(Records from a dataset)
[Start of section]

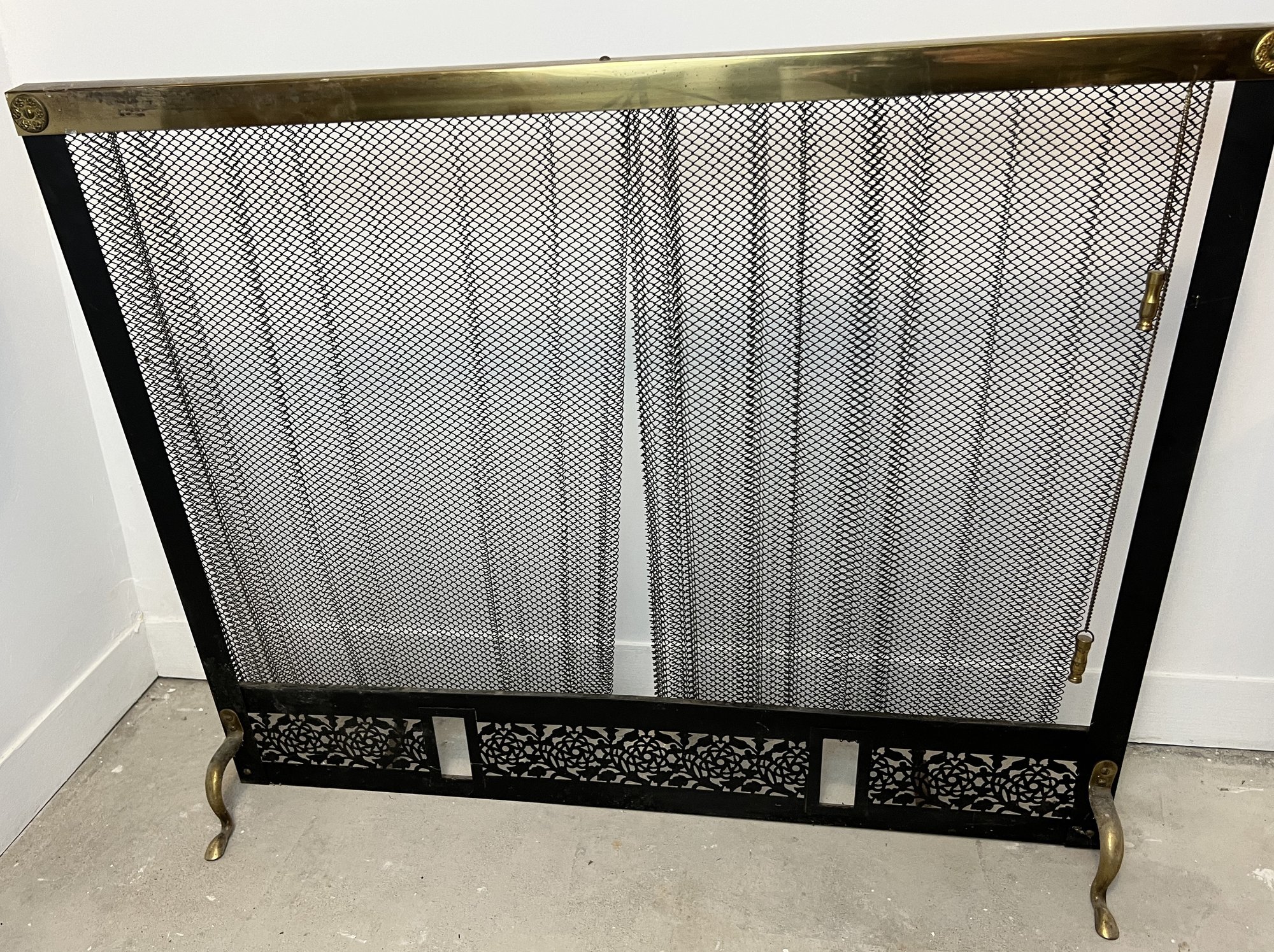Classic fireplace screen in black finish metal with polished brass accents.
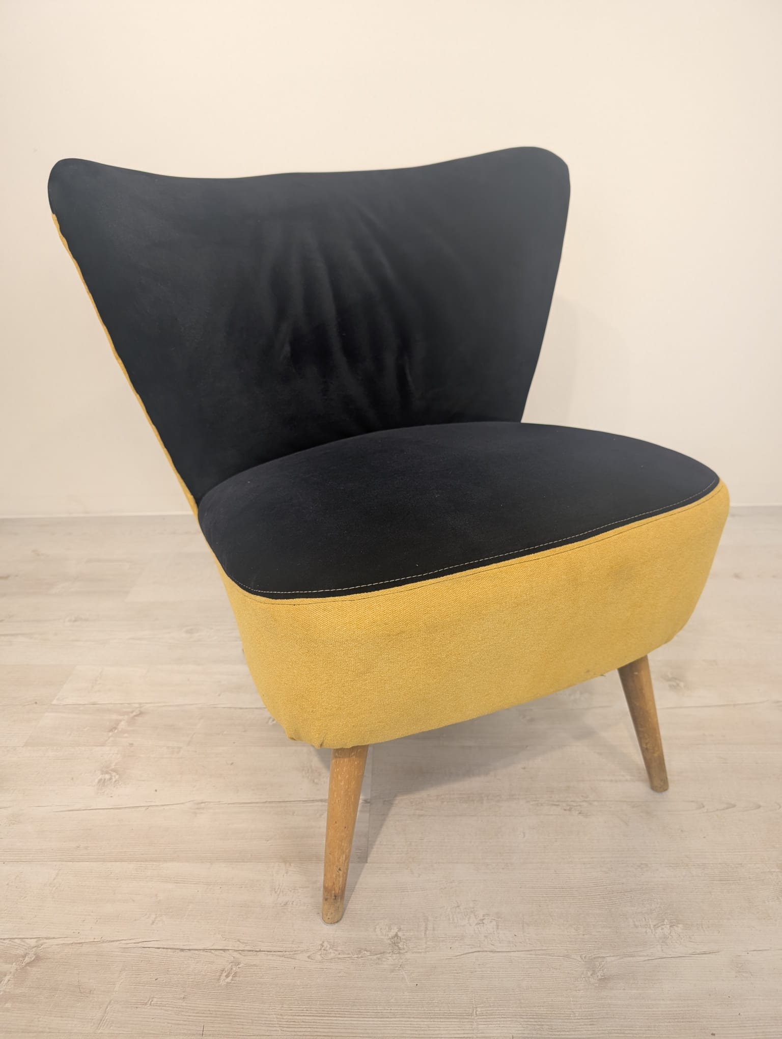 Fotel koktajlowy vintage z czasów PRL-u na sprężynach
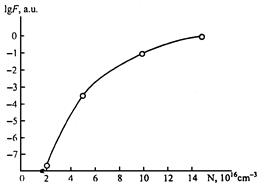 | Рис.9. Зависимость “выхода фуллеренов” от концентрации углерода на входе струи T=0.7eV, V0 =4*103 cm/s, m/t=1.5*10-3 г/с |
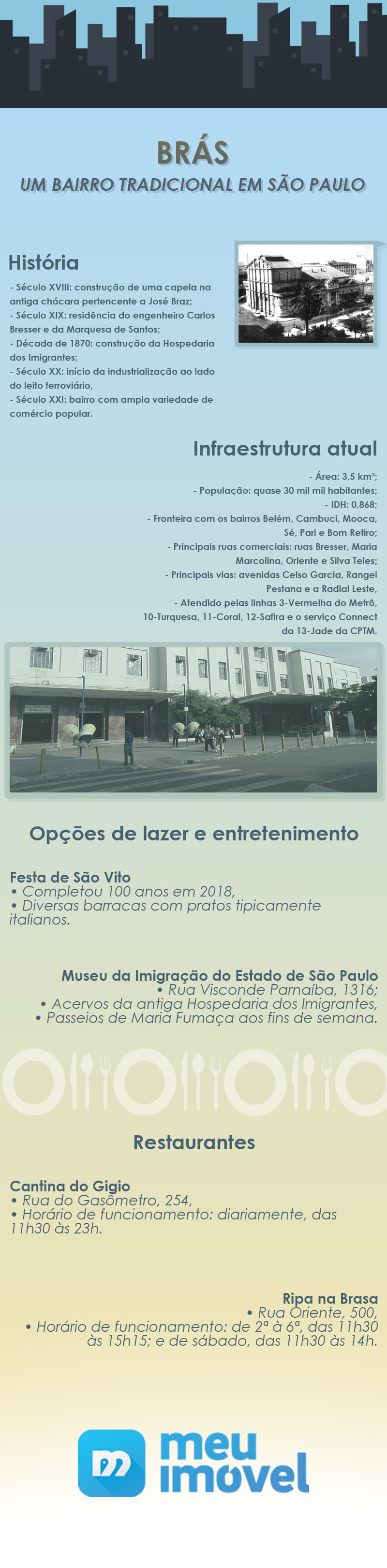 Por volta da década de 1870, o Brás recebeu a Hospedaria dos Imigrantes, com o intuito de receber os europeus que começavam a chegar em massa no país. Ao mesmo tempo, diversos galpões industriais se instalaram na região e passaram a empregar os milhares italianos residentes no pedaço.
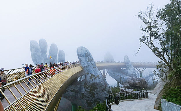 來到巴拿山,便仿佛來到了書里的童話世界。綠之韻家人們乘坐著世界吉尼斯單線最長、落差最大的懸索纜車上山后,首先便來到了火熱一時(shí)的網(wǎng)紅景點(diǎn)——佛手橋打卡。從外觀來看,佛手橋看起來就像是兩只巨大的手掌將一座金橋像浮塵一樣托在手掌中。從橋的一端向另一端看,橋上的家人們仿佛是在煙霧繚繞的云層中行走。在位于海拔1400米的巴拿山頂,還有一座法國小鎮(zhèn)。小鎮(zhèn)上有著東南亞最大的機(jī)動(dòng)游樂場(chǎng),堪稱越南“迪士尼”,家人們仿佛回到童年的孩子一樣,愉快的在城堡中玩耍著各種娛樂設(shè)施,重溫著童年的樂趣。

[End of section]

GOAL OF THE EXERCISE >>
Return the lines above from the one with "Fotel koktajlowy vintage" through the one with "m/t=1.5*10-3 г/с |", verbatim and nothing else. Omit every picture.

EXERCISE SOLUTION >>
 Fotel koktajlowy vintage z czasów PRL-u na sprężynach
 | Рис.9. Зависимость “выхода фуллеренов” от концентрации углерода на входе струи T=0.7eV, V0 =4*103 cm/s, m/t=1.5*10-3 г/с |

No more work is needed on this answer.